Nike Earnings Beat The Street With Digital As Growth Driver

Nike Earnings Beat The Street

With digital as an important growth driver for the sportswear brand, Nike reported quarterly estimates per share that beat The Street’s most bullish estimate. The beat comes after the company came out below the consensus earnings estimate last quarter, Bloomberg reported.

Nike’s gross margin rising by 150 basis points, according to Cowen’s John Kernan, is “indicative of the power of Nike’s innovation and scaling digital platforms and apps.” According to the report, the Nike app is the quickest growing platform, expanding almost triple digits in Q1. In light of its success, the company pulled forward the rollout of the app in China to late in Q2.

Digital is an important growth driver in all regions for Nike, noted Macquarie Research’s Laurent Vasilescu noted in the report – North America was up 30 percent, China was up more than 70 percent, APLA was up almost 50 percent and EMEA was up by double digits.

Shares increased by as much as 6.4 percent on Wednesday morning (Sept. 25), coming out ahead of the previous intraday high of $90 at $92.79. And while the company kept its high single-digit revenue growth target, it increased its gross margin expansion forecast to 50 to 75 basis points.

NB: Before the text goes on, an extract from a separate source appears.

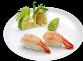
AMA EBI* Raw Shrimps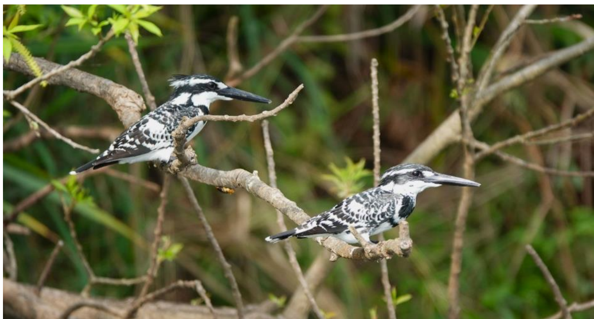
A nesting pair of Pied Kingfisher from Ranganathittu near Mysore

Susquehanna’s Sam Poser wrote, according to the outlet, “Accelerating investments in digital, supply chain and product innovation are paving the way for a bright future of continued top-line growth and margin expansion.”

In separate news, news recently surfaced that Nike is launching a new subscription program geared toward children. The Nike Adventure Club allows parents to order shoes for their kids and pay either $20, $30 or $50 per month to gain access to new shoes monthly, bi-monthly or quarterly. The most expensive $50 option takes off around $10 per pair of Nike shoes purchased (as the average retail price is $60).